Bu meselenin sadece Kürt sorununa değil Türkiye'nin demokratikleşmesine ilişkin de olduğunu ifade eden Koçyiğit, "Halihazırda mecliste bulunan bütün siyasi partilerin ve meclis dışındaki siyasi partilerin ve toplumsal kesimlerin bu çözüm tartışmalarına omuz vermesine dair olan beklentimizi ifade edelim" dedi.

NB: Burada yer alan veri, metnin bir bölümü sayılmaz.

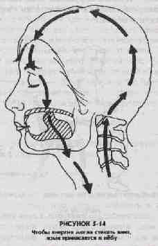 Для простоты и удобства сядьте на стул (рис. 5-13). Эта позиция придает практике легкость, которая благоприятствует расслаблению и хорошей концентрации. Сядьте на край стула, распределив свой вес между ногами и ягодицами. Не переносите весь вес на кости, на которых сидите, потому что со временем это приведет к появлению боли в седалищном нерве. Влагалище и промежность не должны быть стеснены одеждой, но должны быть прикрыты удобным нижним бельем или другой свободной одеждой, чтобы защитить их от воздействия сквозняков. В качестве полезной техники, используемой с древнейших времен, можно делать следующее: женщина может расположить твердый круглый предмет - вроде мяча - таким образом, чтобы во время практики он надавливал непосредственно на ее влагалище и клитор; она может также сесть на каблук одного ботинка, крепко прижимая его с целью более легкой активации энергии ци к своему клитору. Если вы практикуете циркуляцию энергии по Микрокосмической орбите или цигун "железная рубашка", то вы, скорее всего, уже хорошо натренированы в перемещении энергии вверх и можете опустить этот этап. Прижмите язык к нёбу; это имеет существенное значение для циркулирования ци и для объединения переднего и заднего каналов Микрокосмической орбиты в единый канал (рис. 5-14). Ноги прочно опираются в пол, руки покоятся на коленях ладонями вниз. Спина должна быть совершенно прямой в пояснице, но слегка изогнутой в области плеч и шеи. Это незначительное искривление вперед верхней части спины способствует расслаблению грудной клетки и течению энергии через шею, грудную клетку и брюшную полость. Подбородок должен быть слегка втянутым. Поза военного, в которой плечи развернуты назад, а голова высоко поднята, способствует размещению энергии в верхней части тела и предотвращает ее возвращение в нижние центры.
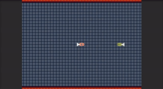 Flee | Currently a behavior that simply makes a random point opposite of the opponent fish's direction. Happens when close to player. Can be toggled on and off. | Will implement a random point away from target should its tail blade face towards seeker. May consider smoother ways to reach vulnerable body with local avoidance. |
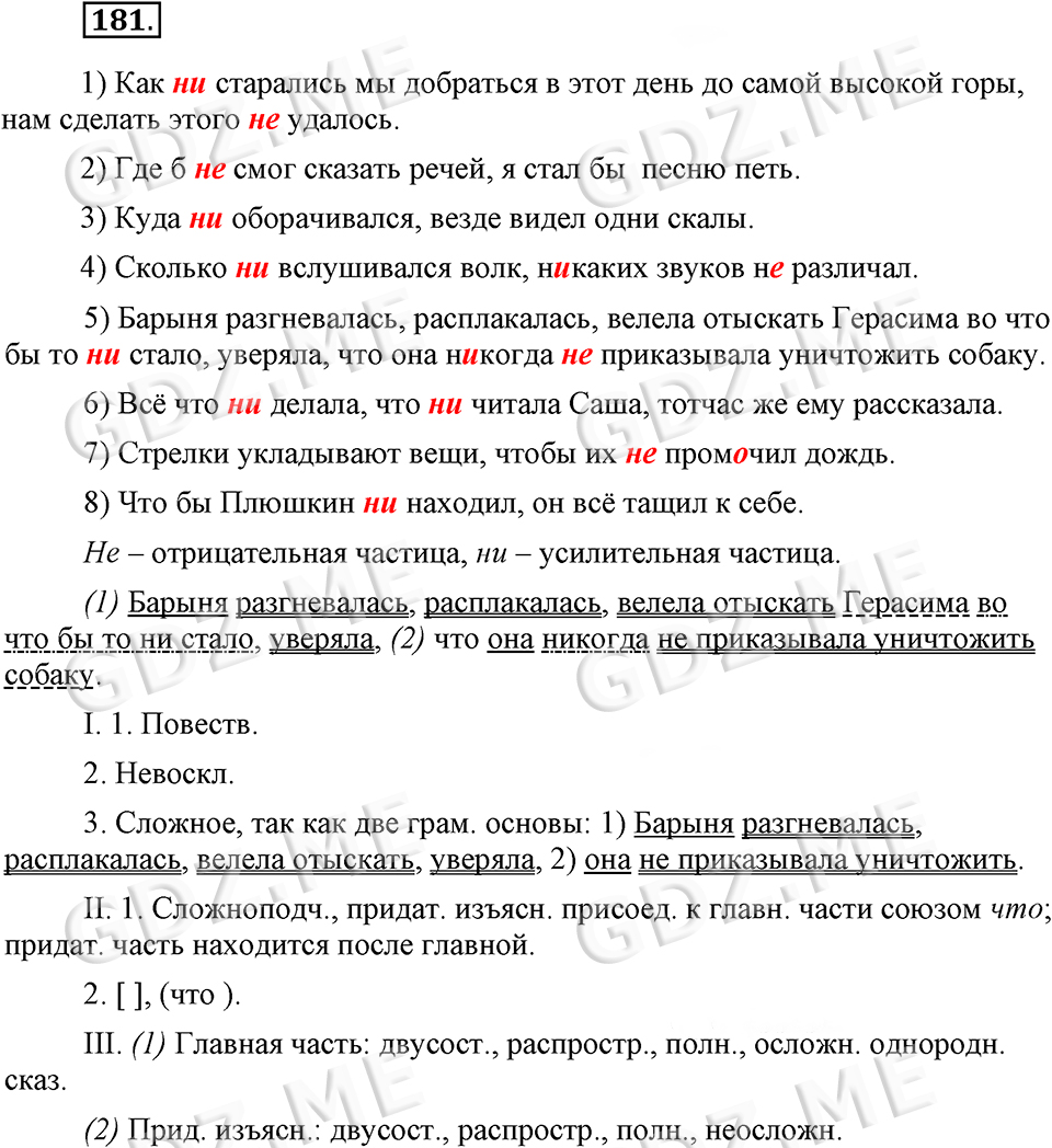 Подробный вариант решения из решебника (ГДЗ): Номер номер 181 (НОМЕРА РЕШЕНИЙ) по предмету Русский язык, за 9 класс, авторы учебника Бархударов.
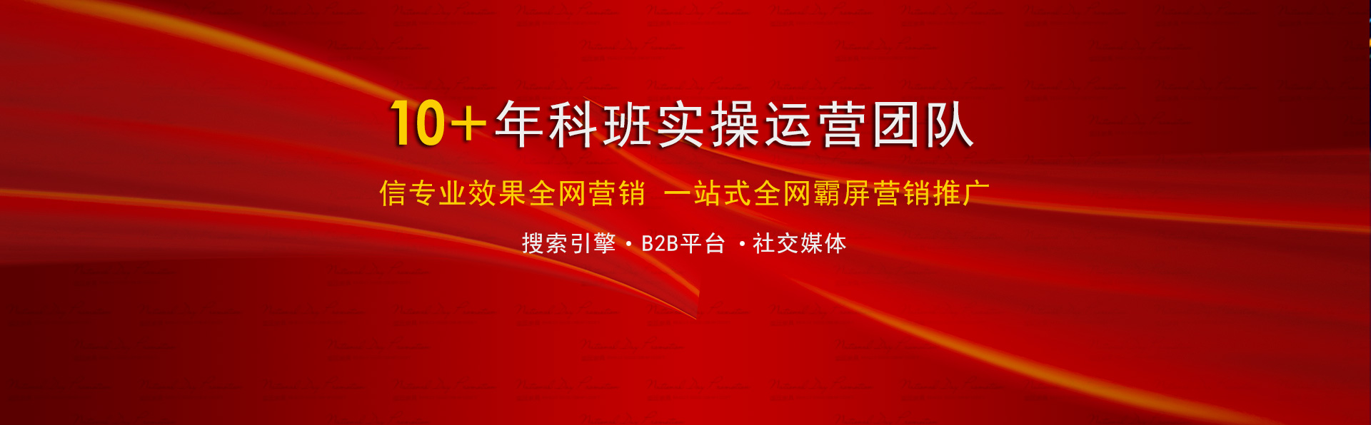 100+專業技術牛人,至少10年以上實戰經驗,豐富的網絡資源,量身定制不同的解決方案,解決您的營銷推廣難題。
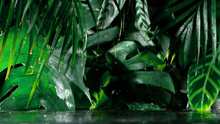 Detail view of green tropical leaves with drops of water
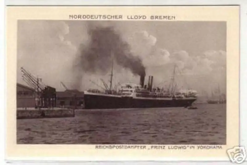 Schiff des Norddeutschen Lloyd Bremen in Yokohama, Dienst Bremen/Hamburg-Ostasien, ungelaufen, gute Erhaltung siehe Bild,
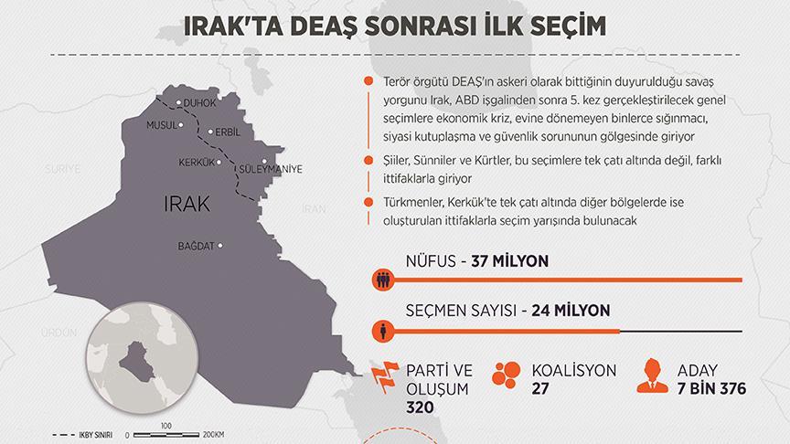 Terör örgütü DEAŞ'ın askeri olarak bittiğinin duyurulduğu savaş yorgunu Irak, ABD işgalinden sonra 5. kez gerçekleştirilecek yarınki genel seçimlere ekonomik kriz, evine dönemeyen binlerce sığınmacı, siyasi kutuplaşma ve güvenlik sorununun gölgesinde giriyor.
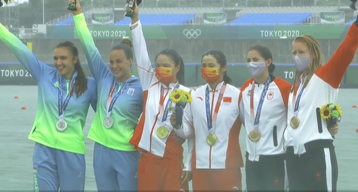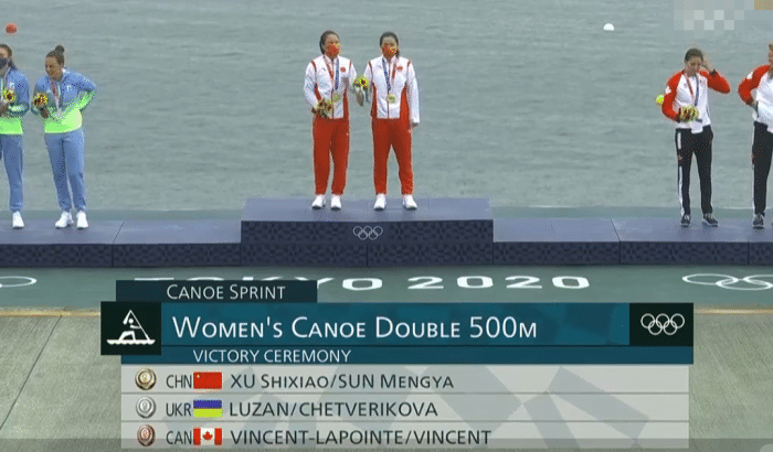 在经过短暂的休息后,决赛的比赛开打,女子500米双人划艇决赛,第五道的中国选手徐诗晓孙梦雅划出了1分55秒495的成绩夺金,这也是打破了奥运会记录,同时这是中国皮划艇女选手首枚奥运金牌。
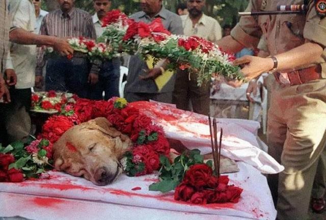 图中的狗狗为Zanjeer,他在过去曾在多次检测中找出3329公斤炸药、600 枚雷管,249 枚手榴弹,6406发实弹,拯救成千上万人的生命,并于2000年死后获得风格大葬
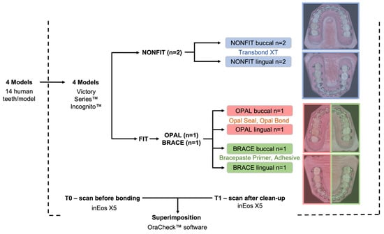 - Stadler, O.; Dettwiler, C.; Meller, C.; Dalstra, M.; Verna, C.; Connert, T. Evaluation of a Fluorescence-Aided Identification Technique (FIT) to Assist Clean-up after Orthodontic Bracket Debonding. Angle Orthod. 2019, 89, 876–882. [Google Scholar] [CrossRef] [PubMed] [Green Version]
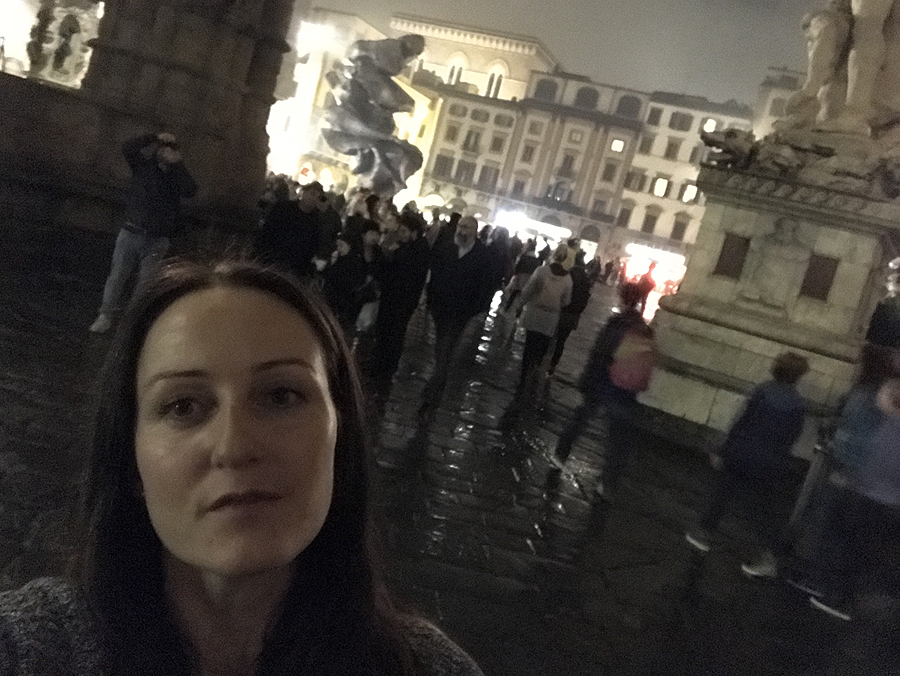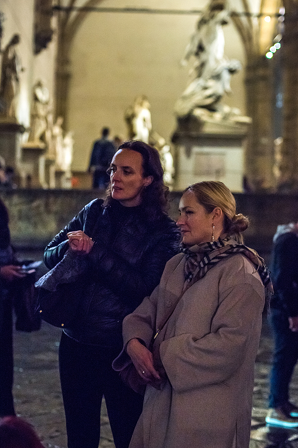 Ir patenkame į stebuklą - šalia Piazza della Signoria aikštės groja muzikantai, muzika rami, lengvas rūkas, matosi skulptūros šalia Palazzo Vecchio, atmosfera stebuklinga. Ilona, mūsų muzikė, ir Elena stovi užburtos ir klausosi. Mes su Justina, fotografės, stovėti negalim, lakstom, geriam vaizdus į save ir fiksuojam, fiksuojam, fiksuojam...

'İŞSİZLİK FONU SERMAYEYİ DESTEKLEME FONUNA DÖNÜŞTÜ'
Meclise gelen yeni torba yasaya işaret eden Koçyiğit, şöyle devam etti: "Gelen torba yasada işsizlik fonu ile ilgili bir düzenleme var. İşsizlik sigorta fonuna ilişkin bu düzenleme 2024 Ocak ve Aralık aylarında aylık 33,33 bin liralık sermayeye bir aktarım yapılıyor. Onlara asgari ücret desteği veriliyor. Bu anlamıyla işsizlik sigortası fonunun 99 yılında kurulduğunu hatırlatmak istiyorum. İşsiz kalan işçilere iş buluncaya kadar asgari geçim yardımı olduğunu ifade edelim ama bu fondan işçilerin yararlandırılmadığının, fonun sermayeyi destekleme fonuna dönüştüğünün altını çizelim. Şu ana kadar toplamda fondan yararlananlara baktığımızda sadece 2023'te işsiz kalan işçilere ödenen pay yüzde 18.5 iken patronlara yapılan destek ise yüzde 67. Yine DİSK'in yaptığı açıklamalara göre işsiz kalan işçilerin yüzde 87'si işsizlik fonundan faydalanamıyor. Adı işsizlik fonu olabilir, ama sermayeyi patronları destekleme fonu olarak ifade edersek yanlış olmaz."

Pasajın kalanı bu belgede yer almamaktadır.